Size of single investigator awards granted by Antarctic Organisms and Ecosystems, within the Division of Polar Programs, Directorate of Geosciences.  The mean award amount is a bit shy of $400,000.

As mentioned in my previous post I spent the last three days at the AAAS-CASE workshop in Washington, DC.  The purpose of the workshop was to introduce junior scientists to the legislative process and the ins and outs of science funding at the federal level.  After two days of intense introduction, including a fascinating lecture from congressional expert Judy Schneider, we spent a day on Capital Hill meeting with staff members of our congressional delegations.  I made the rounds of the Washington delegation with Kelly Fleming, a graduate student in chemical engineering at the UW.

The Washington congressional delegation is strongly pro R&D.  The University of Washington brings a lot of federal money to the state, as does the Pacific Northwest National Laboratory and NOAA’s Pacific Marine Environmental Laboratory.  Additionally Boeing, Microsoft, and other large commercial interests in the state benefit heavily from federal R&D investment and a highly educated labor pool, and presumably lobby on behalf of sustained (or improved) funding.
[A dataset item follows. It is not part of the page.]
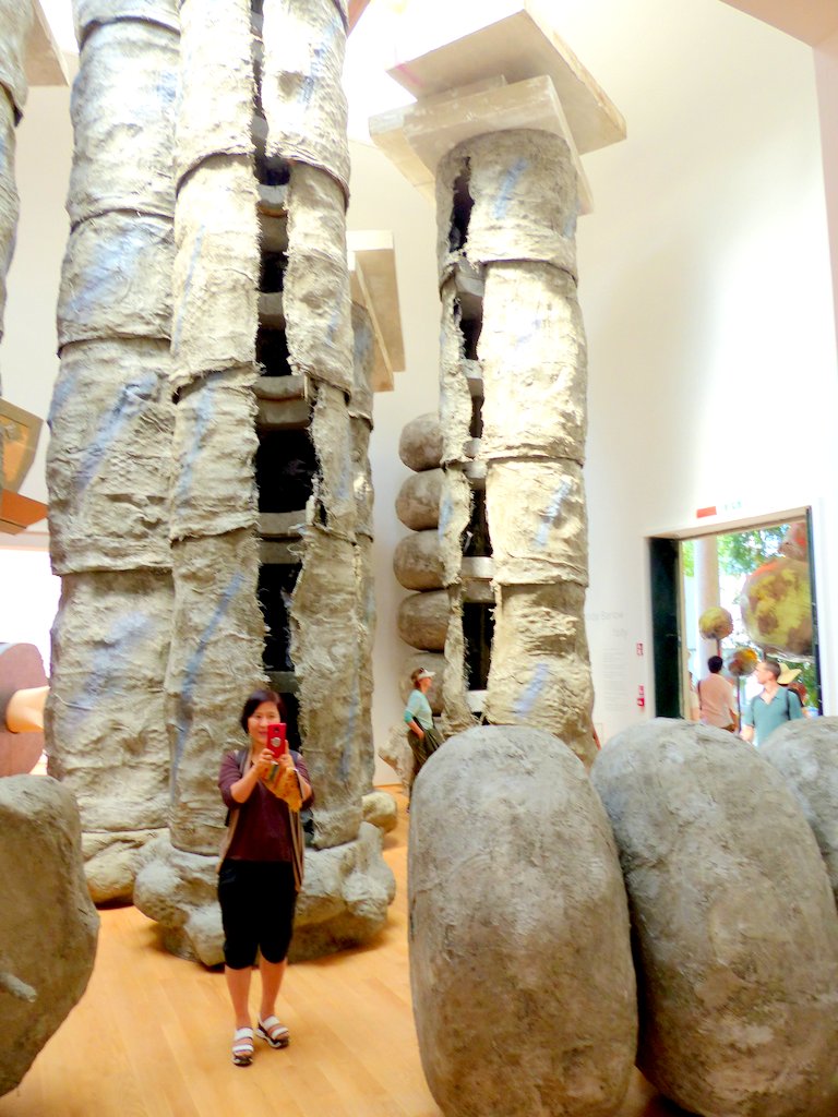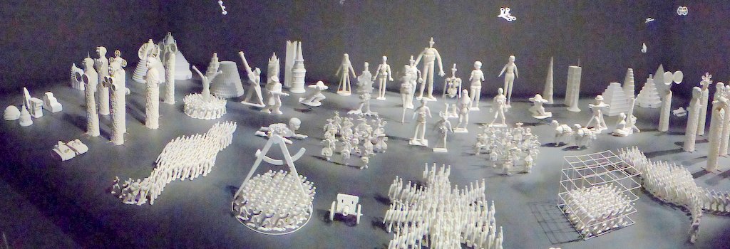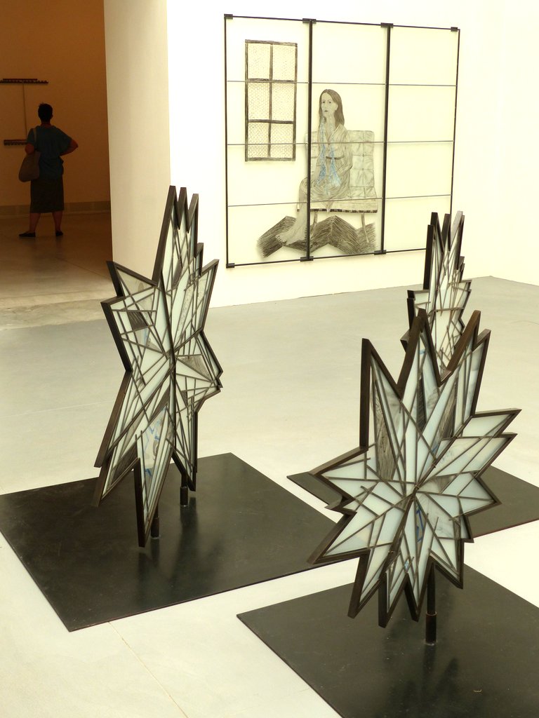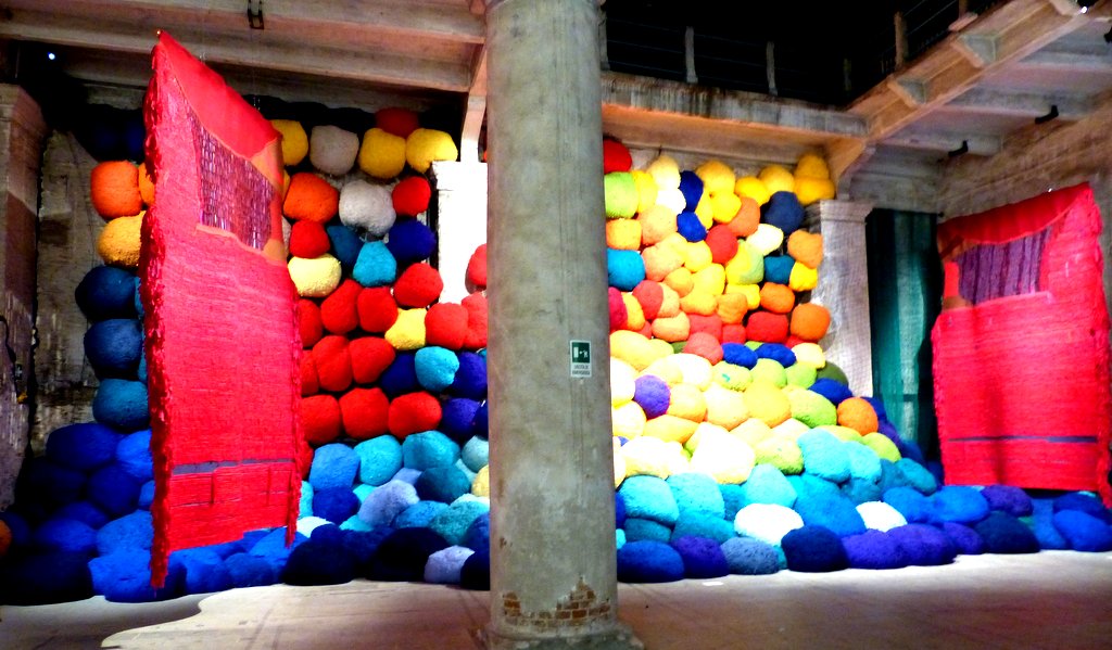 Marcel hat ihr Motto „Viva Arte Viva“ m.E. ziemlich konsequent umgesetzt. Man spürt ihre weibliche Handschrift (wie meine Barbara behauptet) und ein gewisses Streben nach kunstvoller Vielfalt und Harmonie. Letzteres ist mir persönlich bedeutend lieber, als eine „störrische“, z.B. von politischen Themen und dem Elend dieser Welt geprägten Biennale. Marcel hat die von ihr ausgewählten Künstler und Themen 9 s.g. Chaptern zugeordnet, die sich wie Kapitel in einem Buch ergänzen. Beginnend mit dem Pavillion der „Artists and Books“ folgen “Joys and Fears“ „Common“, „Earth“, „Traditions“, „Shamans“, „Dionysian“, „Colors“ und schließlich „Time and Infinity“.

Despite this pro-science stance I was initially surprised at how little congressional staffers understand about how funding works at the institutional level.  In retrospect this isn’t surprising at all.  After six years in graduate school I’m still not 100 % clear on how science funding works at the UW (see previous post on this issue here).  It quickly became clear that what we could best provide is some perspective on how increased grant funding directly translates to more jobs at institutions that receive federal funds and an improved quality of life.

Perhaps contrary to popular opinion academic salaries are not high.  For public universities salaries are a matter of public record, the salaries of UW professors can be found here.  It’s a bit difficult to pull a mean out, because certain appointments receive no salary, and there are duplicate entries for faculty members who were promoted in a given year.  I would guesstimate the mean at $114,000 per year – and this is dragged upwards a bit by some outlier salaries in well-paying departments (engineering, medicine, etc.).  On the surface the mean seems like a healthy salary.  Although it’s much lower than other fields with a comparable amount of graduate education (e.g. law, medicine), and much lower than what industry pays PhD researchers, this is offset by certain advantages (namely academic freedom and prestige).  If we dig a little deeper however, we see that the reality is quite different.

Most faculty appointments are only funded at 50 % of the stated salary (taking the mean, a paltry $57,000 per year).  That’s not a bad salary when you’re 30 – a bit worse if you’re trying to raise a family – but for a full professor at the end of a productive career its an undervaluation.  Why the limit to 50 % funding?  This guaranteed pay is for teaching classes and performing other service directly to the university.  The remainder of a faculty member’s salary is supposed to be raised from grants.  Salaries aren’t a great use of grant funding, but the system might be considered rational if grant funding was adequate.  To determine if that’s the case lets pull a typical grant apart.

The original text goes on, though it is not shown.